Central Square Congregational Church, United Church of Christ

We are a Christian Community of people who are reaching out to our neighbors, at home and abroad, sharing our faith and our resources.

Sermon 5-30-2010                          

Psalm 8: 3-9                                                                          John 16:12-15

“The Trinity”

Why do we celebrate the Trinity?

“Trinity Sunday provides the opportunity to reflect on the wonder of divine love and to consider what it means to worship one God in our particular way as Christians.

The doctrine (of the Trinity) grew out of reflection on worship:

How is it that we praise a risen Christ who meets us at the table and walks beside us in daily life? Why d we pray for the Holy Spirit to move in our lives? How can we do this and still affirm that God is one? On Easter we celebrate the resurrection of Jesus Christ; on Pentecost we celebrate the outpouring of the Spirit on the church. On Trinity Sunday we ponder the meaning of these stories, how God can be one and three…and three in one.”

                                                                                     Worship Ways, UCC, 2005

PRAYER

To talk about the Trinity I need to start at Pentecost…

“On Pentecost, the awesome power of God is revealed seven weeks after the death and resurrection of Jesus…. As the eleven worshiped, there was a noise so loud that it could not be ignored….

No one was excluded. No mortal could engineer the vivacity of the coming of the Holy Spirit sent by the awesome God of Jesus Christ.”

                                      (Linda Thomas, Feasting on the Word, Year C, Vol.3, pg. 14-18)

For me it’s in Acts 2, that the clear Trinity is shown.
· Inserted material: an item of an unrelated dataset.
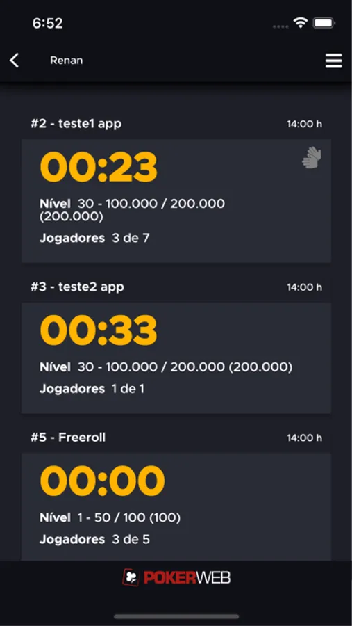 O app PokerWeb, foi desenvolvido, para uso dos clubes que possuem o sistema contratado.
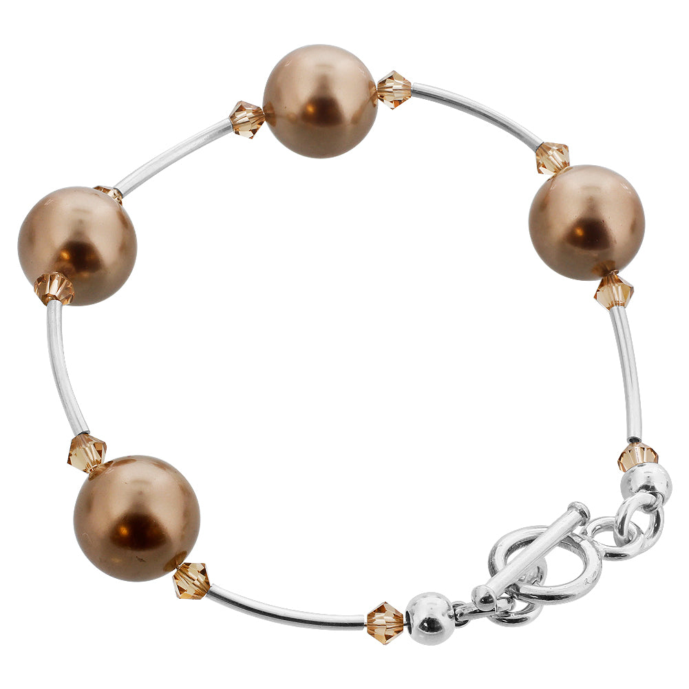 - title_tag : .925 Silver Bracelet with Simulated Pearl & Austrian Crystals - GBG063

Not only that, but also,

“at the heart of text, we do not find a historian terrified about diversity, but instead witnesses… ‘amazed and astonished,’ because each person heard and understood what was said in his or her own language. In a breathtaking reversal of the story of the tower of Babel, when proud humanity was divided by the pluralism of languages (Gen. 11:1-9), Pentecost represents the in breaking of God’s purposes for all humanity, bringing humanity together in understanding, despite their differences.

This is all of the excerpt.